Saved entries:
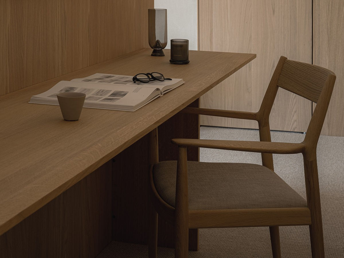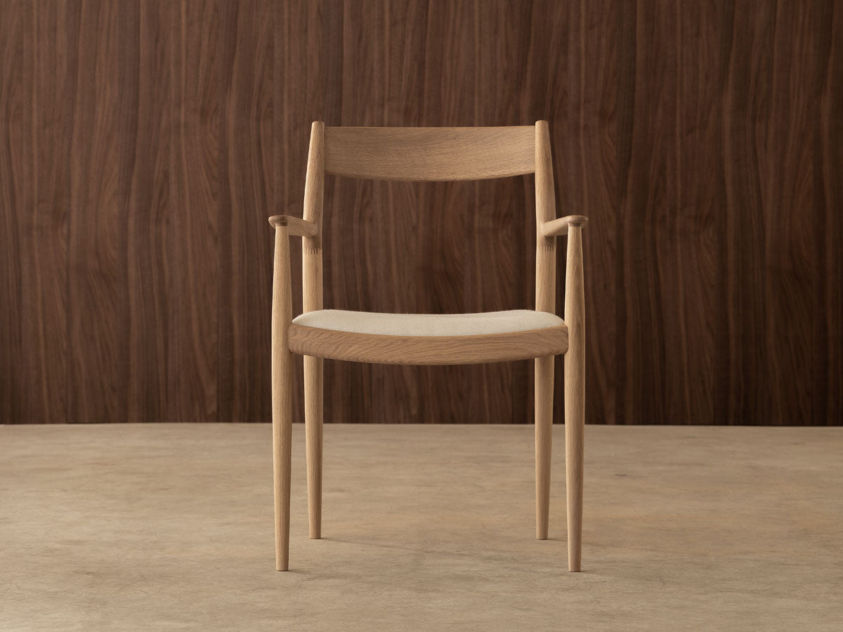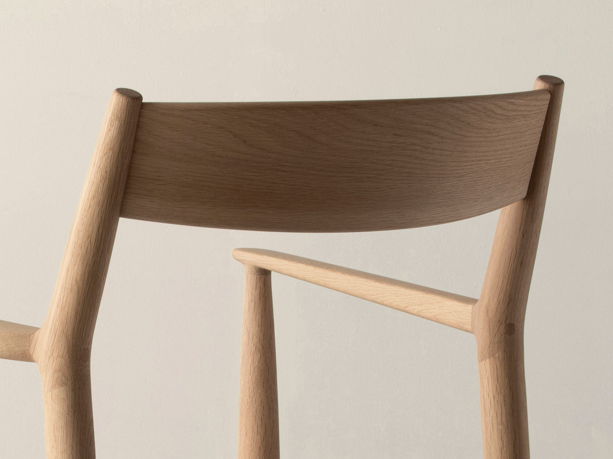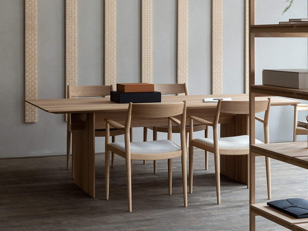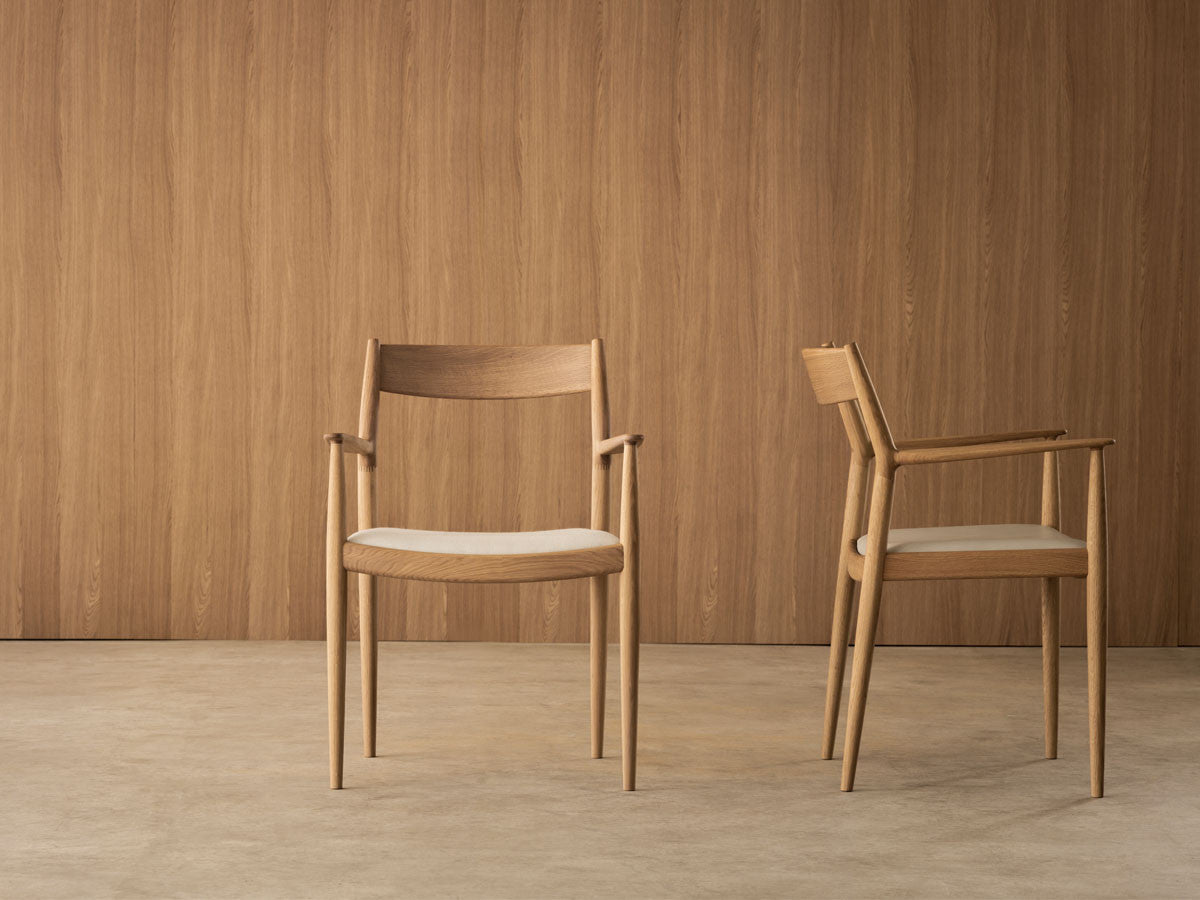 どの方向から見ても、加える要素も削る要素もない、ソフトミニマリズムを体現した緻密なデザイン。このダイニングチェアはデザイナーがカリモクの工場を視察し、職人と現場でワークショップを行った結果生まれたピースです。既存のパーツをアップデートすることで、日本とスカンジナビアのデザインが持つ審美性を融合。構造はシンプルながらも、暖かく、親しみやすい、クラシックチェアを生み出しました。非常に線が細く緻密なディテールを形にするために木工技術の限界に挑み、求めるデザイン性と強度との両立を実現しています。デンマークと日本、両国の相互的な敬意から生まれたカリモクケースには、両国のデザインの伝統に明白に息づく自然とのつながりが感じられます。現在、都市生活者の間では、天然の素材で作られた環境に囲まれた、感性を刺激する空間としての自宅に対するニーズが高まっています。これは自然とのつながりを再び持ちたいという願望を反映しています。カリモクケースでは、自宅に良質で自然を感じさせるカリモクデザインを採用することで、シンプルかつ効果的に生活の質を高めることができると考えています。
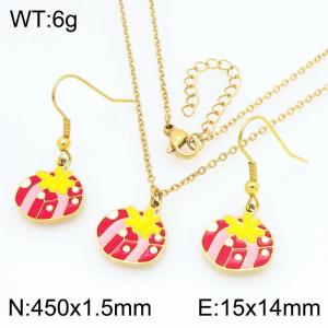 Fashionable and personalized stainless steel red gift box earrings necklace two-piece setWholesale Price: US$2.97
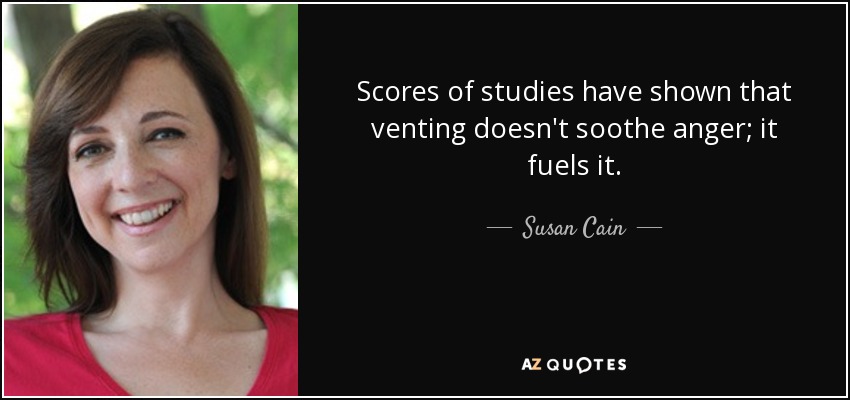 Scores of studies have shown that venting doesn't soothe anger; it fuels it.
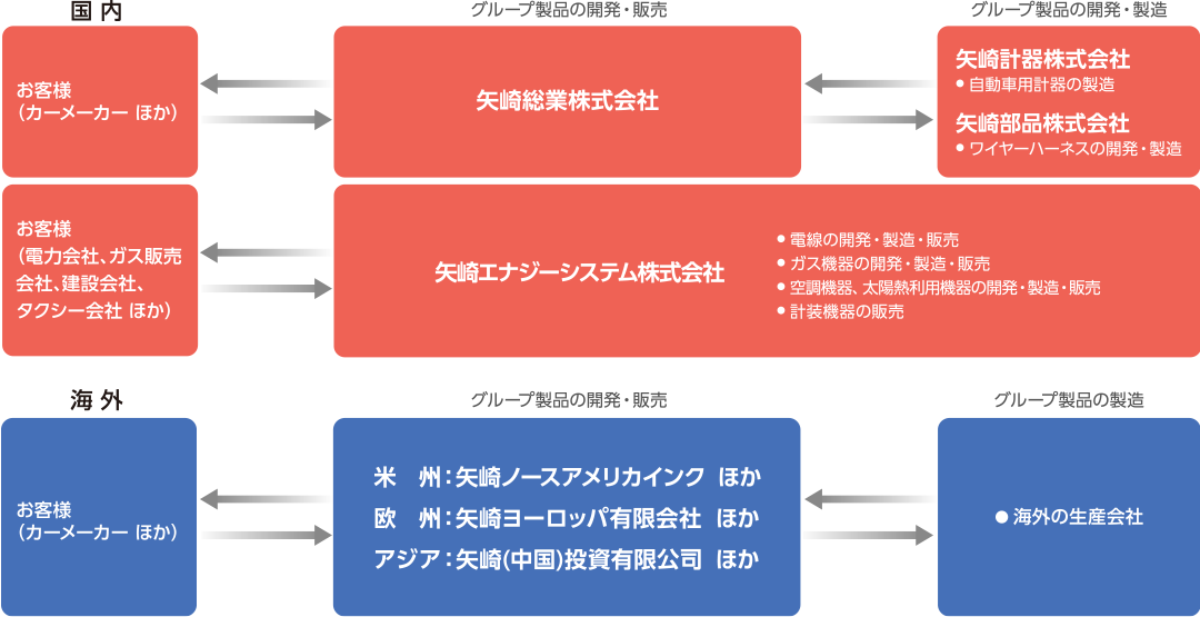 矢崎总业负责人事、财务业务等全面的管理工作,为整个集团的企业运营提供支持。 此外,还从事先进技术的研究开发和产品的营销。
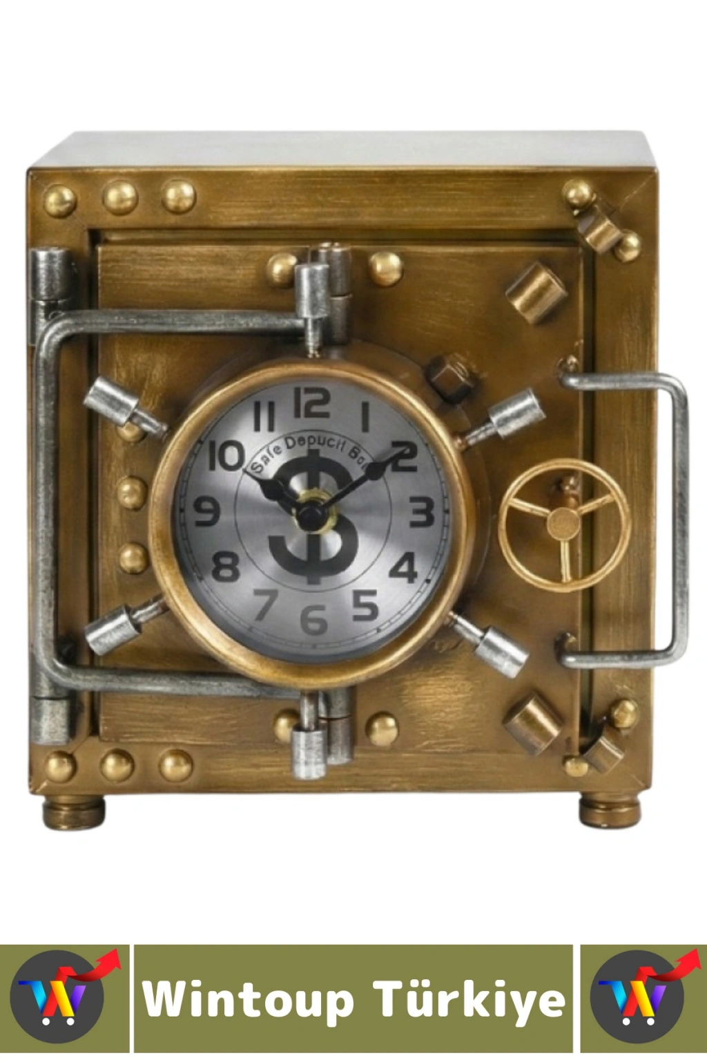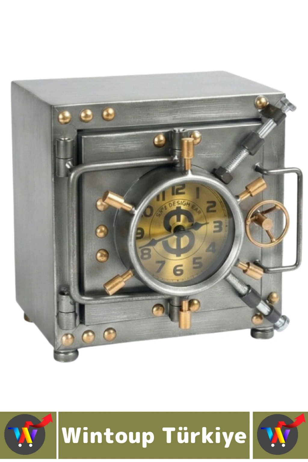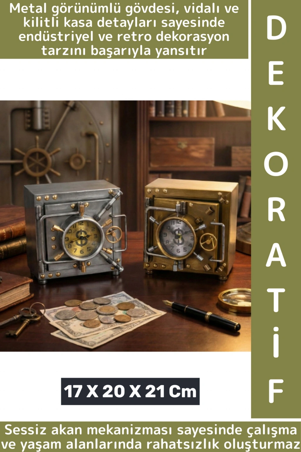 Kasa tasarımlı masaüstü saat, klasik kasa kapaklarından ilham alan detaylı ve özgün görünümüyle dekoratif saat kategorisinde öne çıkan özel bir modeldir. Metal görünümlü gövdesi, vidalı ve kilitli kasa detayları sayesinde endüstriyel ve retro dekorasyon tarzını başarıyla yansıtır.

__Work task__: Return the data verbatim, leaving out the pictures it holds.

__Reply to the exercise__:
 どの方向から見ても、加える要素も削る要素もない、ソフトミニマリズムを体現した緻密なデザイン。このダイニングチェアはデザイナーがカリモクの工場を視察し、職人と現場でワークショップを行った結果生まれたピースです。既存のパーツをアップデートすることで、日本とスカンジナビアのデザインが持つ審美性を融合。構造はシンプルながらも、暖かく、親しみやすい、クラシックチェアを生み出しました。非常に線が細く緻密なディテールを形にするために木工技術の限界に挑み、求めるデザイン性と強度との両立を実現しています。デンマークと日本、両国の相互的な敬意から生まれたカリモクケースには、両国のデザインの伝統に明白に息づく自然とのつながりが感じられます。現在、都市生活者の間では、天然の素材で作られた環境に囲まれた、感性を刺激する空間としての自宅に対するニーズが高まっています。これは自然とのつながりを再び持ちたいという願望を反映しています。カリモクケースでは、自宅に良質で自然を感じさせるカリモクデザインを採用することで、シンプルかつ効果的に生活の質を高めることができると考えています。
 Fashionable and personalized stainless steel red gift box earrings necklace two-piece setWholesale Price: US$2.97
 Scores of studies have shown that venting doesn't soothe anger; it fuels it.
 矢崎总业负责人事、财务业务等全面的管理工作,为整个集团的企业运营提供支持。 此外,还从事先进技术的研究开发和产品的营销。
 Kasa tasarımlı masaüstü saat, klasik kasa kapaklarından ilham alan detaylı ve özgün görünümüyle dekoratif saat kategorisinde öne çıkan özel bir modeldir. Metal görünümlü gövdesi, vidalı ve kilitli kasa detayları sayesinde endüstriyel ve retro dekorasyon tarzını başarıyla yansıtır.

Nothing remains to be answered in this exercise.